Possibilidades

Ao ver a cena etérea daquela mulher atravessando a rua de sombrinha, debaixo da chuva forte com um vestido esvoaçante e de sandálias, fiquei pensando: ela não se preparou direito para sair num tempo daquele – então comecei a imaginar qual seria a situação dela.

Estaria fugindo, por isso saiu as pressas sem tempo de colocar uma roupa adequada e um sapato quentinho?

Voltava do trabalho e ao sair de casa não imaginou que iria chover? Era um dia quente de verão, tinha programado de ir ao cinema com o marido, teve que comprar uma sombrinha de um ambulante, logo que a chuva começou?

Sofreu uma desilusão amorosa e estava andando sem rumo, sem nem perceber que estava se molhando toda, quando de repente vê seu desafeto conversando tranquilo perto do banco com a amante sem se preocupar em ser visto?

Minha mente continua vagueando em possibilidades. Sua filha fugiu de casa com o namorado e ela saiu desesperada procurando e são eles que estão próximos ao banco conversando desapercebidos da vida?

Ela é parteira e foi chamada as pressas porque tem um bebê prestes a nascer bem perto dali seu carro estragou e ela saiu correndo do jeito que estava só levando o que iria precisar na sua bolsa?

Está voltando de uma festa e já é de madrugada, resolveu voltar andando porque bebeu muito e não quer chegar alterada em casa? Mora numa cidade pequena onde todos se conhecem e não tem perigo andar sozinha? Sempre leva uma sombrinha na bolsa porque lá a chuva vem dia sim dia não?

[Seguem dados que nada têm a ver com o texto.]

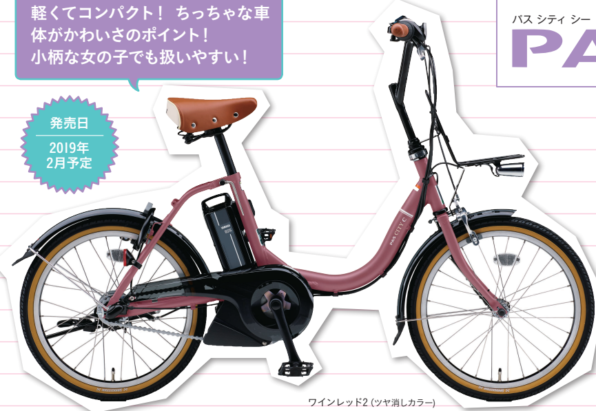
ワインレッド2 (ツヤ消しカラー)
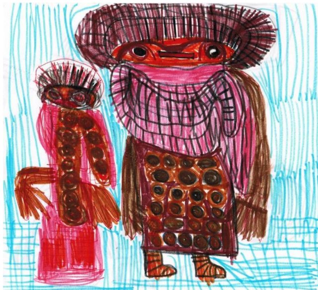
O.T., o.D., Fasermaler, Kugelschreiber, 20x22
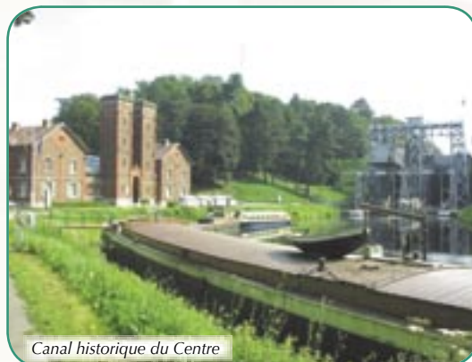
Canal historique du Centre
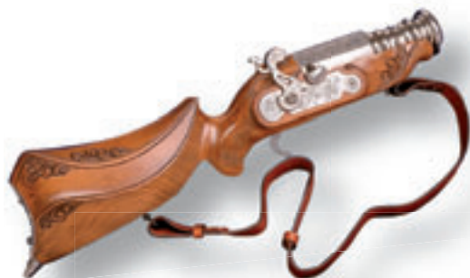
BH09MAX LUXUS VERSION
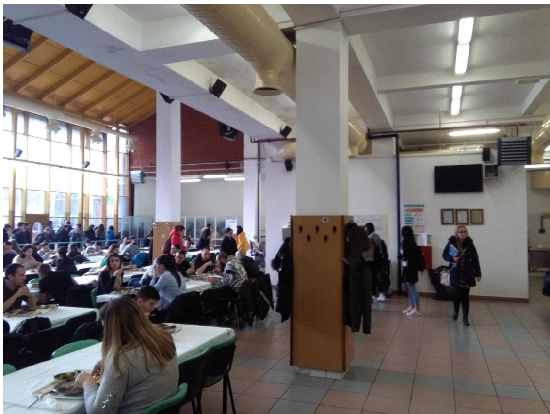
Obr. 2: Hlavní univerzitní menza
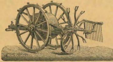
224. ábra. Clayton és Schulteworth „Hanson” nevű burgonyakiemelő gépe, (munkára felszerelve).

kültségek iránt ellentétlőbbak lesznek, mint a Scholtz-féle gép forgó karjai.
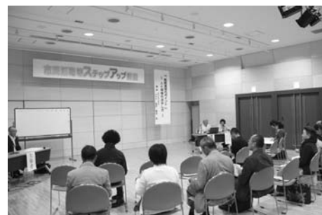
昨年のステップアップ講座の様子
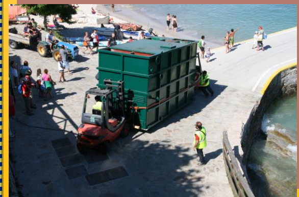
Foto arriba: Zona onde apareceron as posibles verteduras. Agosto 2020.
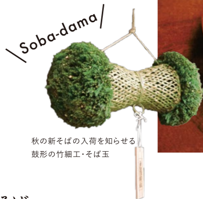
秋の新そばの入荷を知らせる 鼓形の竹細工・そば玉
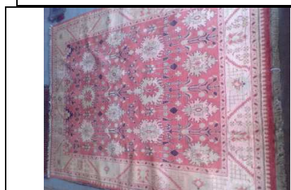
TAPPETO No. 21
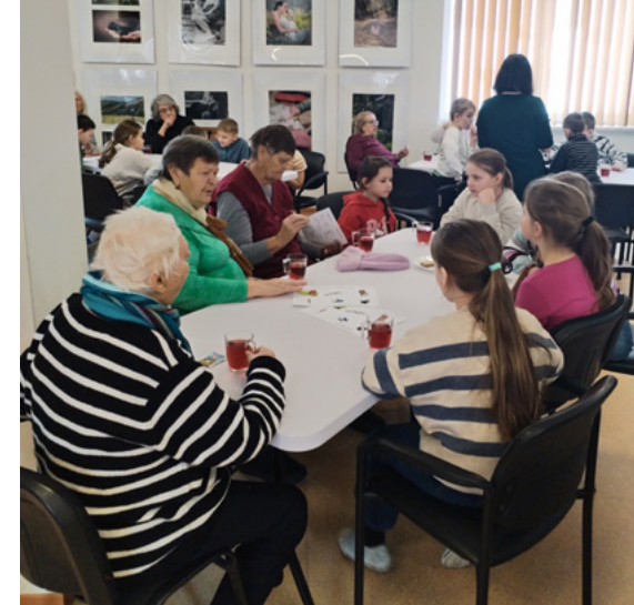
Digitálna medzigeneračná univerzita

Takto vyzerá projekt, ktorý reaguje na jednu z veľkých výziev súčasnosti. Spoločnosť starne a zároveň sa rýchlo digitalizuje. Kým pre mladších ľudí sú technológie prirodzenou súčasťou života, pre mnohých seniorov predstavujú svet, v ktorom sa cítia neistí. Svet, v ktorom majú pocit, že strácajú kontrolu, samostatnosť aj možnosť plnohodnotne sa zapájať do spoločenského diania. Digitálna priepasť sa s vekom prehľbuje a spolu s ňou rastie riziko sociálneho vylúčenia.
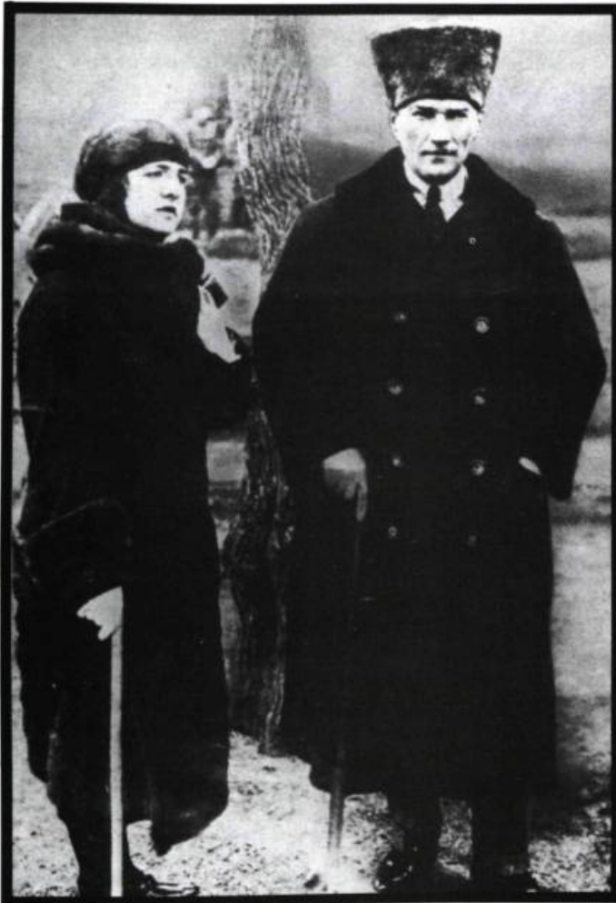
C'est en 1923 que Mustafa Kemal, que l'on voit ici avec son épouse, a instauré la République turque

humaine peut évoluer dans cet environnement, dans les métropoles comme Paris, New York, Tokyo, Istanbul, Londres. Mais ces villes sont le théâtre de suicides collectifs! Pour quelqu'un qui s'intéresse à l'être humain, il est impossible d'écrire quoi que ce soit sans penser à ces trois grands problèmes que j'ai mentionnés.

Só gosta de vestidos e não calça sapatos? Se deu o direito de só usar sandálias há muito tempo, porque é assim que se sente bem?

Uma cena, milhares de possibilidades. Nunca vou saber qual é a história daquela mulher. Ela foi flagrada num instante, por um olhar que a eternizou. Mesmo que de forma fugaz, passando numa via, ela ficou presa na retina, com seu vestido leve e ondulante e seus pés desnudos.